Discussion: Dependency hell

Different codes in the same environment can have conflicting dependencies.

To make sure about needed dependencies

  • 2 levels of dependencies

    • packages
    • system libraries
System libraries
  • Nowadays platforms are less important, still "system files" may differ among OS platforms and Linux distributions
    • will your program require specific "system files"
    • are these typically not installed already?
    • in the best world test on Windows/Mac and Linux platforms
Shared services like HPC clusters
  • What about Shared services like a cluster where users and most staff do not have writing privileges ('sudo' rights) for system installations?
Discussion: Where do you run your program?
  • From a terminal?
    • Linux, Mac, Windows?
  • From IDE?
    • VSCode, RStudio, MATLAB, Jupyter, Spyder, Idle
  • On different computers
    • Using several platforms
  • On a cluster?
    • NAISS resources, other?

We need to

  • Inform what is needed to run the software in the README file (Next session)
  • Or provide them with everything needed (file)
    • hopefully not interfering with other software they are using

Distribution

Ways to distribute

  • Python packages:
    • pip (PyPI)
    • conda packages and environments
    • also: uv, pixi, poetry
  • R:
    • R repos like CRAN and GitHub (devtools)
    • conda
  • Compiled languages:
    • built binaries (platform specific)
    • install from source
      • manual
      • make
      • CMake
  • General tools
    • Containers

Isolated environments

Discussion: What is an isolated environment?

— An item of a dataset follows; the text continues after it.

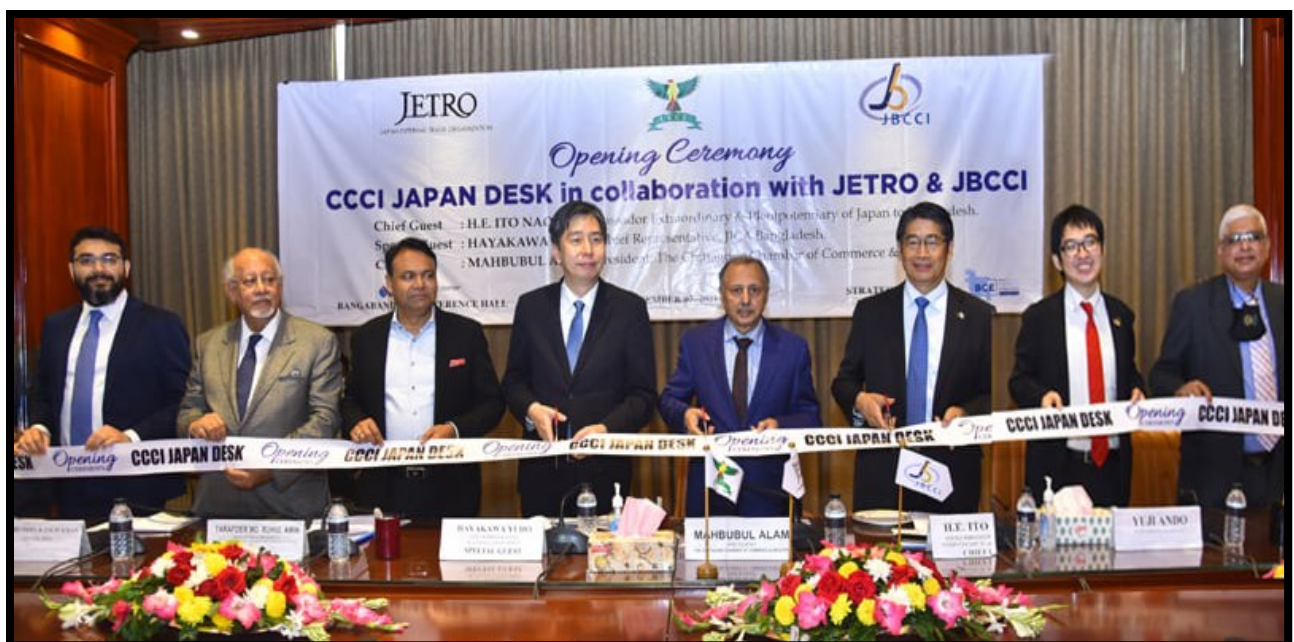
Photo: View of the Japan Desk Inauguration Program

These solve both the identification of needed dependencies and help in installations.

Principles to define dependencies needed

  • Work in an isolated environment
  • Start with empty environment
  • See what is needed for the program to work?
  • Add the missing packages or libraries until the errors go away
  • save the environment variables in a file.

Best is to do this already in the beginning!

When is this over-kill?
  • If the needed dependencies are few and well-defined
  • Some programming languages?
Python: Conda & virtual environments

These Python-related tools try to solve the following problems:

  • Defining a specific set of dependencies, possibly with well-defined versions
  • Definition file: requirements.txt, environment.yml
  • Installing those dependencies mostly automatically
  • Recording the versions for all dependencies
  • Isolated environments
    • On your computer for projects so they can use different software.
    • Isolate environments on computers with many users (and allow self-installations)
    • Using different Python/R versions per project??
    • Provide tools and services to share packages

Principle using python pip in a virtual environment (venv)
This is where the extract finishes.